Take the material below and extract the lines from the one with "沃格尔表示詹姆斯和队医会告诉" through the one with "3期目ミニハクサイ苗の植え付けを行いました! 植え付けはこれで完了 総数85個になります", word for word, without pictures.

▸ INPUT DATA:
★ ★ ★ ★ ★ ★ ★
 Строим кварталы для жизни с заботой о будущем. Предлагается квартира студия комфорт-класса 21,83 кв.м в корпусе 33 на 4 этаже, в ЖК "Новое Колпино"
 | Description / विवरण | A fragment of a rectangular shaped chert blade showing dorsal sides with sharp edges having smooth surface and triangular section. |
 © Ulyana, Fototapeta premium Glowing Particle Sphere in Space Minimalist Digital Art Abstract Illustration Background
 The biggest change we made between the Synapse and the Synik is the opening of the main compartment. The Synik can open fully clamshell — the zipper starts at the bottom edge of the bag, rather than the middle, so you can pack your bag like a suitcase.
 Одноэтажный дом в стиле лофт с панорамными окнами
★ ★ ★ ★ ★ ★ ★
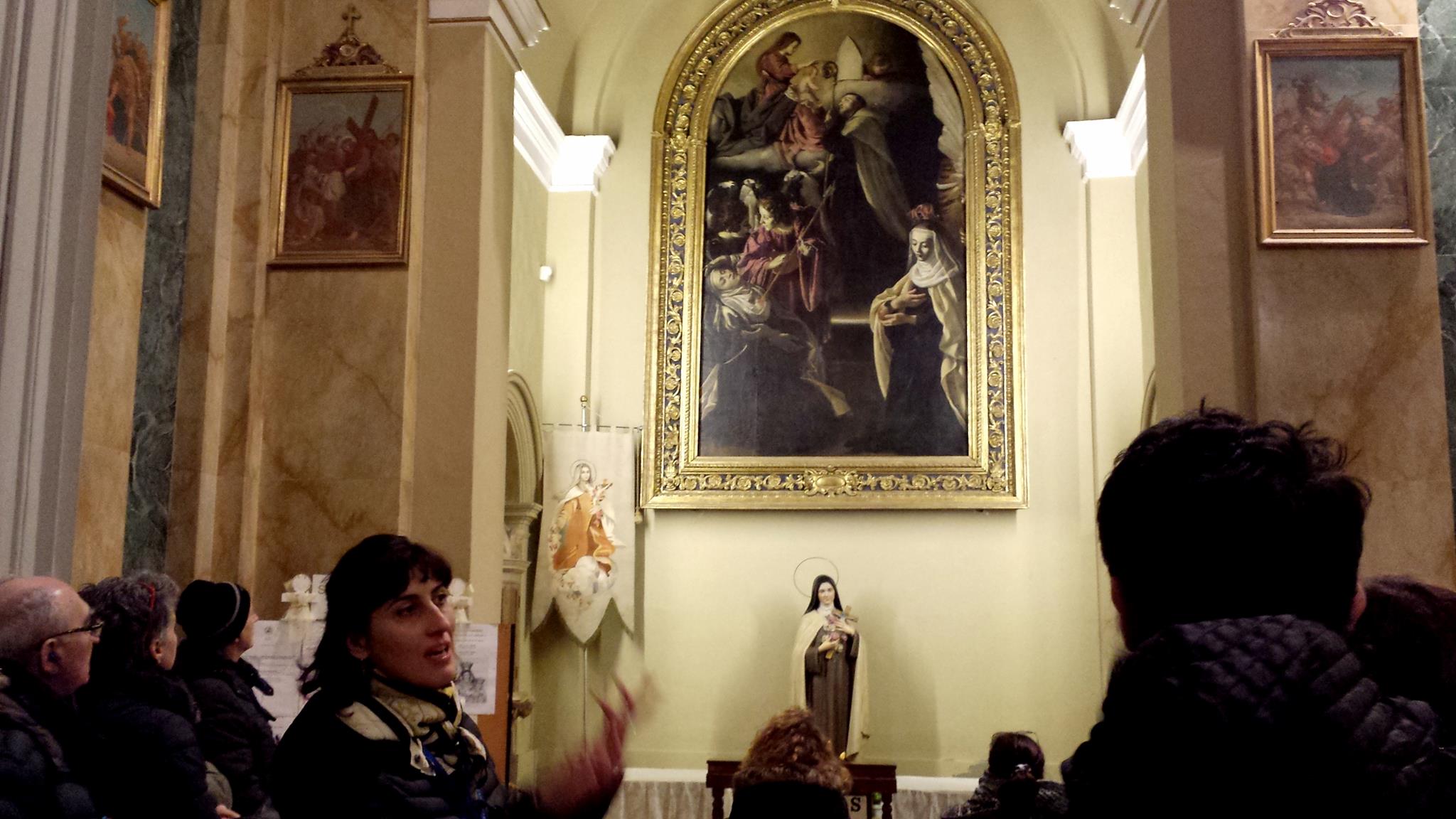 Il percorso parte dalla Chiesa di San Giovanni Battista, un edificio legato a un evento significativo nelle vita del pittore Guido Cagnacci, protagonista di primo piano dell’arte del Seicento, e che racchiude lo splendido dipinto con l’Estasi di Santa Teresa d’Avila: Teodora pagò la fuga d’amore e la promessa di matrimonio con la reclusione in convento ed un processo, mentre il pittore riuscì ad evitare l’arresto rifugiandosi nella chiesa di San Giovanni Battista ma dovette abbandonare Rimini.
★ ★ ★ ★ ★ ★ ★
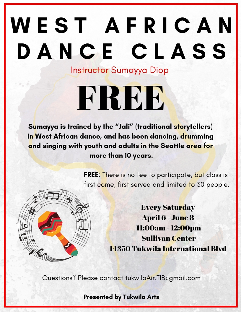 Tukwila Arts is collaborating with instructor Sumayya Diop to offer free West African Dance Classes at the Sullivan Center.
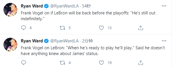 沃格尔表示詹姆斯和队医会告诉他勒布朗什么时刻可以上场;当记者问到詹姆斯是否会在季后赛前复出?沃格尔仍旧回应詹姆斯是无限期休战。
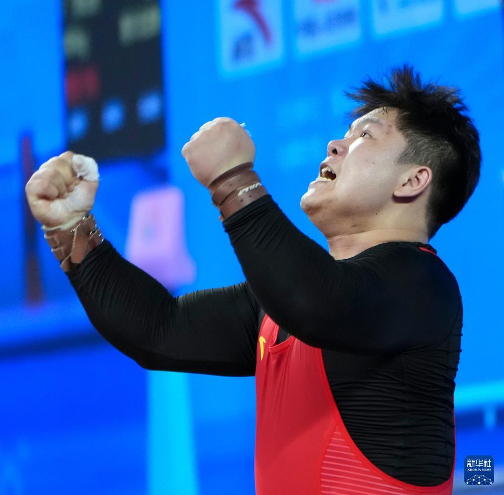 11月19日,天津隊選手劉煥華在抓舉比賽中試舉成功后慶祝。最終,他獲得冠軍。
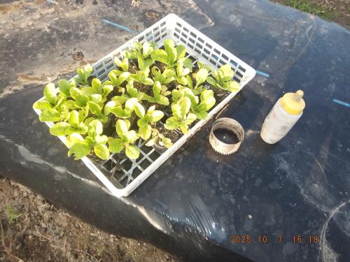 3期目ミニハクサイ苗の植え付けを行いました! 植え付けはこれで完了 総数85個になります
★ ★ ★ ★ ★ ★ ★
▸ RESPONSE TO THE TASK:
 沃格尔表示詹姆斯和队医会告诉他勒布朗什么时刻可以上场;当记者问到詹姆斯是否会在季后赛前复出?沃格尔仍旧回应詹姆斯是无限期休战。
 11月19日,天津隊選手劉煥華在抓舉比賽中試舉成功后慶祝。最終,他獲得冠軍。
 3期目ミニハクサイ苗の植え付けを行いました! 植え付けはこれで完了 総数85個になります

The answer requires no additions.